Die Geschichte der NATO im Kalten Krieg

Aufrüstung und Entspannung (1970 - 1980)

Das Jahrzehnt ab 1970 war geprägt von der Politik der Entspannung. Mit den Ostverträgen, die die Bundesregierung unter Brandt/Scheel mit der Sowjetunion, Polen und der DDR abschloss, stand die Bundesrepublik an der Spitze dieser Entwicklung.

Unmittelbare Auswirkungen militärischer Art oder im Hinblick auf die militärische Position der NATO hatten diese Schritte jedoch nicht. Das war auf der Ebene der Supermächte USA und Sowjetunion, wo im Rahmen von SALT über die Begrenzung der strategischen Atomwaffen verhandelt wurde, anders.

Diese Verhandlungen und die daraus resultierenden Verträge waren gewissermaßen die amtliche Anerkennung der Sowjetunion als gleichberechtigte Atommacht durch die USA. Das wiederum ließ die Zweifel der europäischen NATO-Verbündeten an der Zusage der USA, Europa im Ersntfall mit dem Einsatz aller Mittel gegen einen sowjetischen Angriff zu verteidigen, wachsen.

Militärisch betrachtet war die NATO zu Beginn der siebziger Jahre ohnehin alles andere als eine kraftvolle Organisation, vor der sich der Warschauer Pakt hätte fürchten müssen.

Geografisch und organisatorisch war mit dem Austritt Frankreichs aus der militärischen Organisation eine riesige Lücke in die Verteidigungsstruktur gerissen worden. Eine Tiefe des Raumes, in dem eine flexible konventionelle Verteidigung hätte organisiert werden können, war nicht mehr gegeben. Die vielen Versorgungseinrichtungen, die die USA in Frankreich hatten, mussten zwangsläufig nach vorne, also näher an die potentielle Front verlegt werden. Die für die Verteidigung des Mittelabschnitts verantwortlichen NATO-Oberbefehlshaber konnten mit den französischen Ressourcen, insbesondere über das in Südwestdeutschland stationierte ehemalige französische NATO-Kontingent, nur sehr eingeschränkt disponieren. Die Kräfte konnten allenfalls noch als eine Art strategischer Reserve mit vielen Fragezeichen in die Planungen einbezogen werden.

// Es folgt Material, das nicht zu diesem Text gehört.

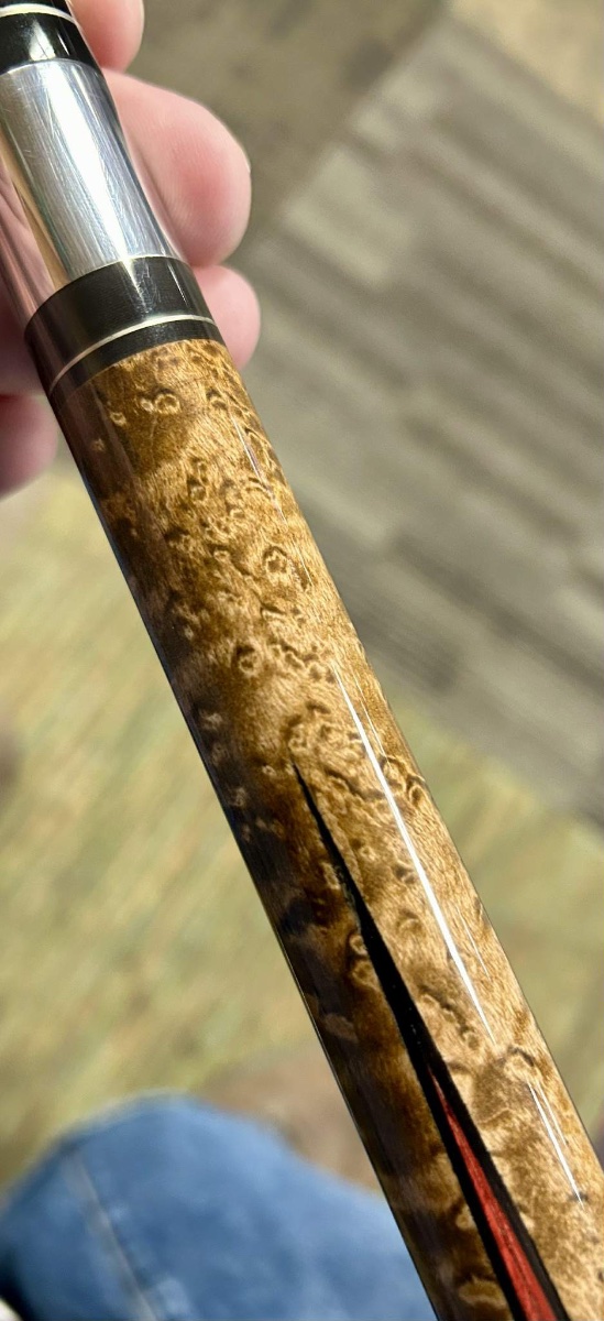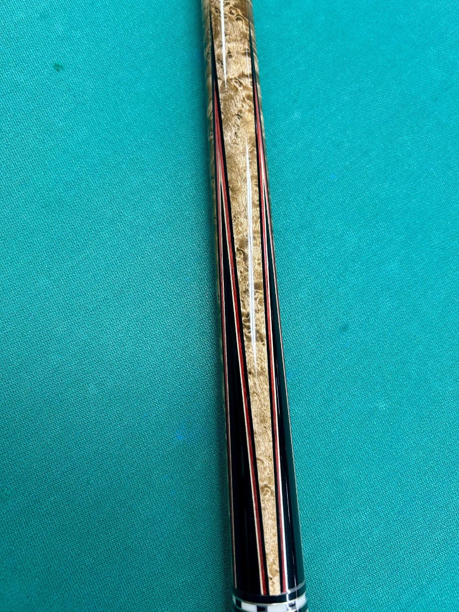 Beautiful ebony into birdseye maple 4 point cue. 2 shafts and can come with or without a 2x4 It’s George case that has some stories to tell.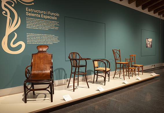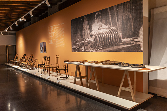 L’exposició s’articula a partir de dos grans eixos, la fàbrica i la llar, que serveixen per a posar en valor la importància de la dona tant en el seu paper fonamental a les fàbriques de moble corbat com en la modernització de l’hàbitat.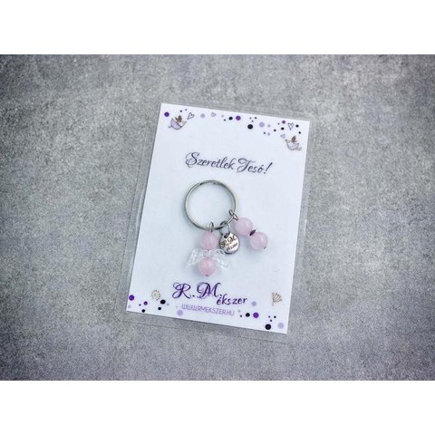 Számotokra állítottunk össze egy kedves meglepetést!"Szeretlek, Tesó!"feliratos ajándékkártya rózsakvarc kulcstartóvalA kulcstartót a kártyával együtt kapjátok meg!A köszönő csomag tartalma: 1 db rózsakvarc díszes kulcstartó 1 db köszönő kártyaVan, amikor nehéz szavakat találni, vagy egészen egyszerűen hangok nélkül szeretnénk kifejezni a gondolatainkat, érzéseinket. Ebben segítenek kívánság vagy köszönő kártyáink, melyek a kiválasztott kulcstartóval együtt csodálatos ajándékok lehetnek. A laminált kívánság kártya mérete 110×80 mm.Amit a rózsakvarcról érdemes tudnod:A festetlen rózsakvarc az egész világos, szinte áttetszőtől, a ködös középrózsaszínig terjed. Az egyik legnépszerűbb kövek egyike, amely szépséges küllemének és erős gyógyhatásának köszönhető. Története a görög és római mitológiába nyúlik vissza, amely szerint a rózsakvarc Erósznak és Ámornak a szerelem Isteneinek az emberek felé nyújtott ajándéka.Lelki gyógyhatás:Már tehát az ókoriak is hittek a kő szerelem terén gyakorolt pozitív hatásaiban. A rózsakvarc a szívcsakrán keresztül segít az érzelmi blokádok feloldásában, megnyitja belső kapukat, hogy a csodát, szeretetet és szerelem formájában magunkévá tehessük. Érzelmi blokkok feloldása a szerelem lelki és testi kiteljesedését segíti. Az érzelmi gátak felszabadítása a termékenységet is magában hordozza, így ez a kő terméketlenség esetén is hasznos lehet. A rózsakvarc egyéb területeken is bizonyíthatja pozitív hatásait. Mivel segít megtalálni az életben a szépséget és a szeretet lelki egyensúlyunk helyre billentése és alkotó gondolatok megtalálása terén is hasznunkra lehet ez az ásvány. Használjuk meditáció közben haragunk leküzdéséhez és szeretetünk, szerelmünk kiteljesítéséhez.Testi gyógyhatás:Ez a rózsaszín különlegesség testi bajainkra gyógyírt jelenthet, mint a szívcsakra köve, a bőrbetegségek, asztma, allergia és vérszegénység ellen használhatjuk. Védi és erősíti a szívet, harmonizálja a szívritmust.Hozzárendelt mágikus hatás:Sokak szerint a rózsakvarc nem csak a már meglévő szerelmünk intenzívebbé tételében segíthet, hanem az áhított szerelem megtalálásában, magunkhoz vonzásában is.Csillagjegyei: Bika, Rák, MérlegCsakrája: SzívcsakraFigyelem! Az ásványokat, kristályokat az őskor óta használják a test, a lélek és az érzelmek harmonizálására. Az ókori kultúrákban kifejezetten elterjedtek voltak. Az évezredek alatt számtalan tudás és tapasztalat gyűlt össze róluk. Ásvány ékszereink leírásánál a meghatározó szakirodalom alapján készült összegzések olvashatók. Fontos! Az ásvány ékszerek viselése, az ásványok és kristályok gyógyításban, alternatív terápiaként való használata nem helyettesíti a modern orvostudományt, a gyógyszeres kezelést. Betegség esetén az öngyógyítás helyett kérjük, forduljon szakemberhez!

Nicht viel besser sah es mit der ehemaligen Paradetruppe des NATO-Mittelabschnitts, den amerikanischen Streitkräften aus. Die substantielle Schwächung dieses Eckpfeilers der NATO-Verteidigungsdoktrin war der Preis, den die NATO für das starke Engagement der Amerikaner in Südostasien zu zahlen hatte. Erst ganz allmählich erholten sich die in Mitteleuropa dislozierten NATO-Kräfte nach dem Ende des Vietnam-Kriegs wieder von diesem Aderlass.

International

Abgeschlossene Verträge

Die 1970er Jahre waren zumindest in der ersten Hälfte geprägt von Entspannungs- und Abrüstungsbemühungen der beiden Militärblöcke. Die ersten Bemühungen auf diesem Gebiet lassen sich schon ein Jahrzehnt zurück orten. Nach dem Schock der Kubakrise, die die Welt in greifbare Nähe zum Atomkrieg zwischen den beiden Supermächten USA und UdSSR gebracht hatte, wuchs die Neigung auf beiden Seiten, durch Agreements und Verträge die Gefahr einer solchen atomaren Konfrontation zu reduzieren. Waren es am Anfang noch eher symbolische Schritte, wie die Einrichtung des berühmten heißen Drahts im Jahr 1964, so hatte der 1963 geschlossene Vertrag zum Verbot von Nuklearwaffentests in der Atmosphäre, im Weltraum und unter Wasser schon mehr Substanz.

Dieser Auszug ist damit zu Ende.